I want to quit my job, sell my house and car, buy a cute little Mini Cooper. Pack it up and take off on a long road trip, skipping like a stone from beach to  beach. Hole up in a series of cabins by the water and write to my heart’s content. 

What I do instead is get up every morning and go to work, do my best to do my  duty and make some kind of difference wherever I am. I put a new roof on the  house, wash and wax the old Solara, stretch the budget to make ends meet, try to do a little writing every day. 

I want to shout “you are good enough” from every rooftop. But I teach courses on how to get better at one thing or another, how to get from one place to another,  how to bridge what gaps there may be between here and there. 

I shoulder my responsibilities like a pilgrim, with more pathos than passion. What I want is to lay my burdens down and travel light, follow the path of the Holy Fool, not always sure where I’m headed, a blessing wherever I go. 

I’m told this is just the way life is.
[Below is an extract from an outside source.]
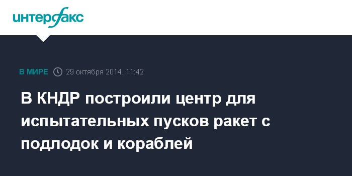 Москва. 29 октября. INTERFAX.RU - Северокорейские специалисты соорудили объект для осуществления испытательных пусков баллистических ракет с субмарин и кораблей, сообщают ученые из американо-южнокорейского университета Джонса Хопкинса.

You can’t always have what you want. Should I succumb to the inevitable? Continue to pursue the ineffable? Transform  my mind through the practice of gratitude? Adopt a more meditative stance? 

Prudence is a friend of mine. She promises to look after me in my old age. But the voice that whispers what I want says, “Even the good girls die.”

—–

I never did get that Mini Cooper. But I did set myself free. Let go of some limiting beliefs about what was good and worthy and of service. Reimagined Lifescapers as a vehicle for this service. For those who, like me, are called to live with creativity and imagination, curious to see where that might take us. 

Living free takes courage. It isn’t always comfortable. What I mean to offer through Lifescapers is a map of the territory, the services of a guide who has been travelling this way for a while, and a company of fellow adventurers because this doesn’t have to be a lonely journey. For you or for me.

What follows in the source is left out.